*** Opening Records for this exercise ***
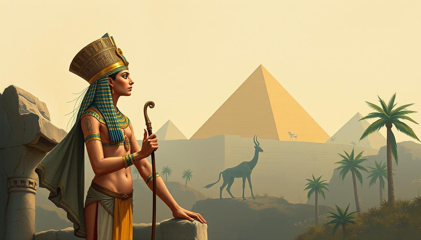 A pharaoh in traditional clothing stands on a ledge overlooking a desert landscape with a large pyramid in the background.
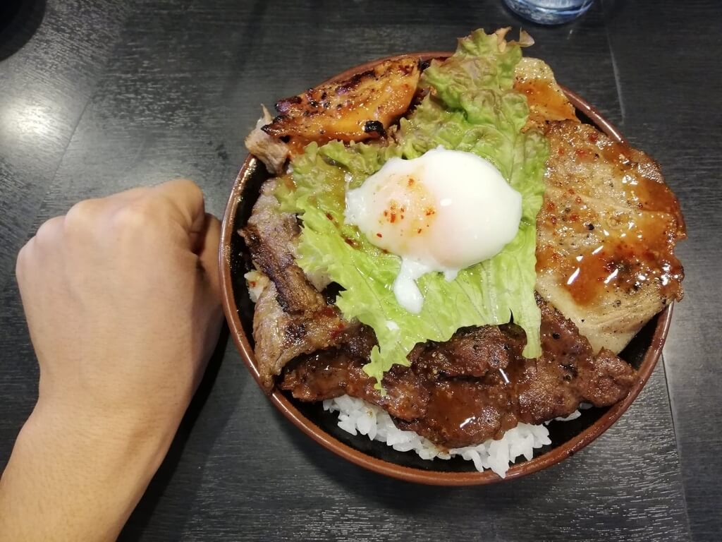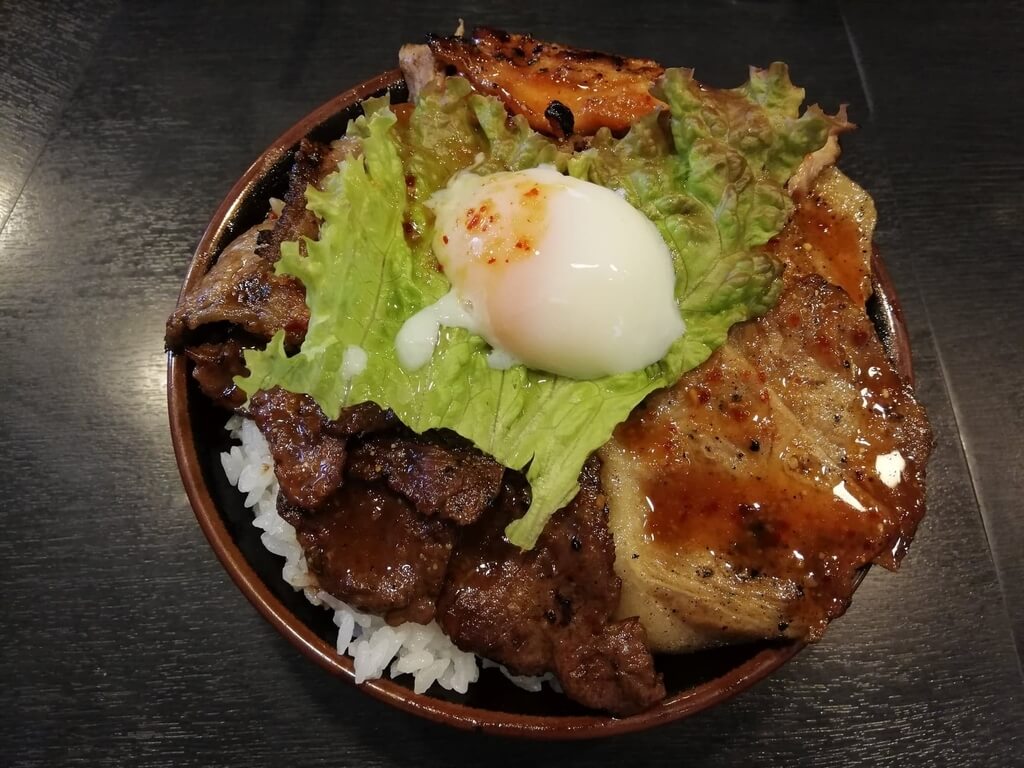 焼肉丼たどんのBIG丼に乗っているハラミ 焼肉丼たどんのBIG丼に乗っている豚ロース 焼肉丼たどんのBIG丼に乗っている鶏肉かしわ
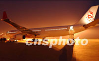二十三日在西安咸陽機場,A330專機載著法門寺佛指舍利,經香港赴臺灣地區瞻禮(供奉)。 中新社圖 錢興強 攝
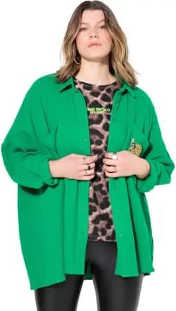 Damen große Größen Übergrößen Plus Size Musselin Bluse, Oversized, Tasche mit Leo-Patch smaragdgrün 50+ 839023459-50+
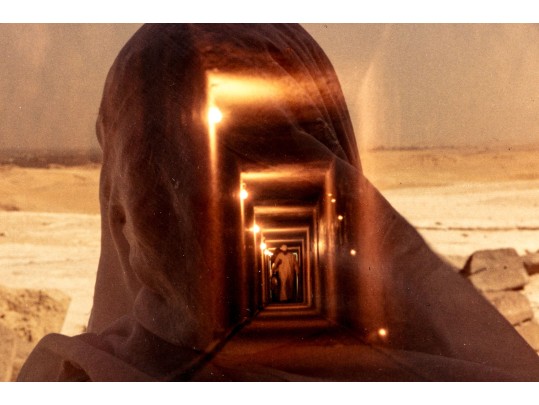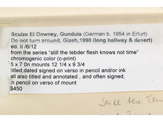 Gundula Schulze Eldowy (German, B. 1954) "Do Not Turn Around, Gizeh, 1990" mounted chromogenic color print from the series "Still The Tender Flesh Knows Not Time" depicting a view of a figure wearing a veil overlooking a desert landscape superimposed over a perspective view of a figure at the end of a hallway. Signed and titled on the verso. Unframed.
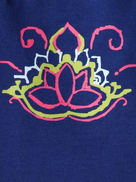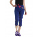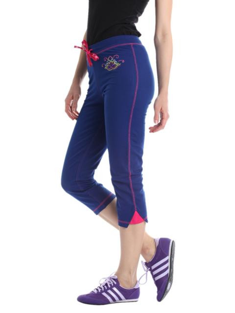 Blue capris made of 95% cotton and 5% lycra, has an elasticated waistband and drawstring, graphic print on the left side below the waistband and a panel on the hem with the brand logo appliqued
*** Closing Records for this exercise ***
== Task objective ==
Since the pictures are not wanted, set down only the rest of each record, exactly as above.

== Task answer ==
 A pharaoh in traditional clothing stands on a ledge overlooking a desert landscape with a large pyramid in the background.
 焼肉丼たどんのBIG丼に乗っているハラミ 焼肉丼たどんのBIG丼に乗っている豚ロース 焼肉丼たどんのBIG丼に乗っている鶏肉かしわ
二十三日在西安咸陽機場,A330專機載著法門寺佛指舍利,經香港赴臺灣地區瞻禮(供奉)。 中新社圖 錢興強 攝
 Damen große Größen Übergrößen Plus Size Musselin Bluse, Oversized, Tasche mit Leo-Patch smaragdgrün 50+ 839023459-50+
 Gundula Schulze Eldowy (German, B. 1954) "Do Not Turn Around, Gizeh, 1990" mounted chromogenic color print from the series "Still The Tender Flesh Knows Not Time" depicting a view of a figure wearing a veil overlooking a desert landscape superimposed over a perspective view of a figure at the end of a hallway. Signed and titled on the verso. Unframed.
 Blue capris made of 95% cotton and 5% lycra, has an elasticated waistband and drawstring, graphic print on the left side below the waistband and a panel on the hem with the brand logo appliqued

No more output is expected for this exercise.